Compaq C RTL also includes converters that perform conversions
between Unicode and any other supported character sets. The expanded
set of converters includes converters for UCS-2, UCS-4, and UTF-8
Unicode encoding. The Unicode converters can be used by the ICONV
CONVERT utility and by the
iconv
 family of functions in the Compaq C Run-Time Library.
In OpenVMS Version 7.2, the Compaq C Run-Time Library
added Unicode character set converters for Microsoft Code Page 437.
10.2 Features of International Software
International software is software that can support multiple languages
and cultures. An international program should be able to:
  -  Display messages in the user's own language. This includes screen
  displays, error messages and prompts.
  
 -  Handle culture-specific information such as:
  
    -  Date and time formatting 
The conventions for representing
    dates and times vary from one country to another. For example, in the
    U.S.A., the month is given first; in the U.K the day is specified
    first. Therefore, the date 12/5/1993 is interpreted as December 5, 1993
    in the U.S.A., and as May 12,1993 in the U.K.

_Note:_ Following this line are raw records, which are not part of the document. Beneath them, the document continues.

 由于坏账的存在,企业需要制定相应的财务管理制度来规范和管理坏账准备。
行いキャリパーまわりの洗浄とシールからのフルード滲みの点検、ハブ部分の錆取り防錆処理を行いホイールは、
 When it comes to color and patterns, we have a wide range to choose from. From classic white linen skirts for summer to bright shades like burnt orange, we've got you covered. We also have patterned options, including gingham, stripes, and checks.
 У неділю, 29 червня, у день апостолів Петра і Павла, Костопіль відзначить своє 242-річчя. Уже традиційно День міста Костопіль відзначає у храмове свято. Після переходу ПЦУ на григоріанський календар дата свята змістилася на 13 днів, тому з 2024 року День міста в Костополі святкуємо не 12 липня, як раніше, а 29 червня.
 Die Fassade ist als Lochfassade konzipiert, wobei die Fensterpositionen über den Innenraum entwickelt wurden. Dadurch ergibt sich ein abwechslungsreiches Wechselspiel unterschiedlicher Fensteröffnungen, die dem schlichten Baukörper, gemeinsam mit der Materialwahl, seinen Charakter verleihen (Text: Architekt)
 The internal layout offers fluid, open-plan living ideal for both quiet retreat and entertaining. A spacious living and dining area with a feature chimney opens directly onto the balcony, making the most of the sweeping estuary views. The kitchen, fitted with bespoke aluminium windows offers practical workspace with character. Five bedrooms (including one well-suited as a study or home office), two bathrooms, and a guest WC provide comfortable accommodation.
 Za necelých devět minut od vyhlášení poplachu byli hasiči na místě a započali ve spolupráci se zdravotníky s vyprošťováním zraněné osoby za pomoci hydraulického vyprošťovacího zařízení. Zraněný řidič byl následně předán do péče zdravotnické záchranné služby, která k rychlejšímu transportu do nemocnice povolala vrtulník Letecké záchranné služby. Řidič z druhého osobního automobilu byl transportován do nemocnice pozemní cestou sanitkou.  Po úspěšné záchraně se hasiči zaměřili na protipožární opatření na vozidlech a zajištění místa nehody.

     -  Numeric formatting 
The character that represents the decimal
    point (the radix character) and the thousands separator character vary
    from one country to another. For example, in the U.K. the period (.) is
    used to represent the radix character, and the comma is used as a
    separator. However, in Germany, the comma is used as the radix
    character and the period is the separator character. Therefore, the
    number 2,345.67 in the U.K. is the same as 2.345,67 in Germany.
     -  Monetary formatting 
Currency values are represented by
    different symbols and can be formatted using a variety of separator
    characters, depending on the currency.
   
   -  Handle different coded character sets (not just ASCII).
  
 -  Handle a mixture of single and multibyte characters.
  
 -  Provide multipass string comparisons. 
String comparison
  functions such as
strcmp
 compare strings by comparing the codepoint values of the characters in
 the strings. However, some languages require more complex comparisons
 to correctly sort strings.
 
To meet the above requirements, an application should not make any
assumptions about the language, local customs or the coded character
set used. All this localization data should be defined separately from
the program, and only bound to it at run-time.
The rest of the chapter describes how you can create international
software using Compaq C.
10.3 Developing International Software Using Compaq C
The Compaq C environment provides the following facilities for
creating international software:
  - A method for separating localization data from a program.
  
Localization data is held in a database known as a locale.
  This stores all the language and culture information required by a
  program. See Section 10.4 for details of the structure of locales.
    
A program specifies what locales to use by calling the
setlocale
 function. See Section 10.5 for more information.
   - A method of separating message text from the program source.
  
This is achieved using message catalogs that store all the
  messages for an application. The message catalog is linked to the
  application at run-time. This means that the messages can be translated
  into different languages and then the required language version is
  selected at run-time. See Section 10.6.
   - Compaq C RTL functions that are sensitive to localization data.
  
The Compaq C RTL includes functions for:
  
   - A special wide-character data type defined in the Compaq C RTL
  makes it easier to handle codesets that have a mixture of single and
  multibyte characters. A set of functions is also defined to support
  this wide character data type. See Section 10.9.
 
10.4 Locales
A locale consists of different categories, each of which determines one
aspect of the international environment. Table 10-1 lists the
categories in a locale and describes the information in each.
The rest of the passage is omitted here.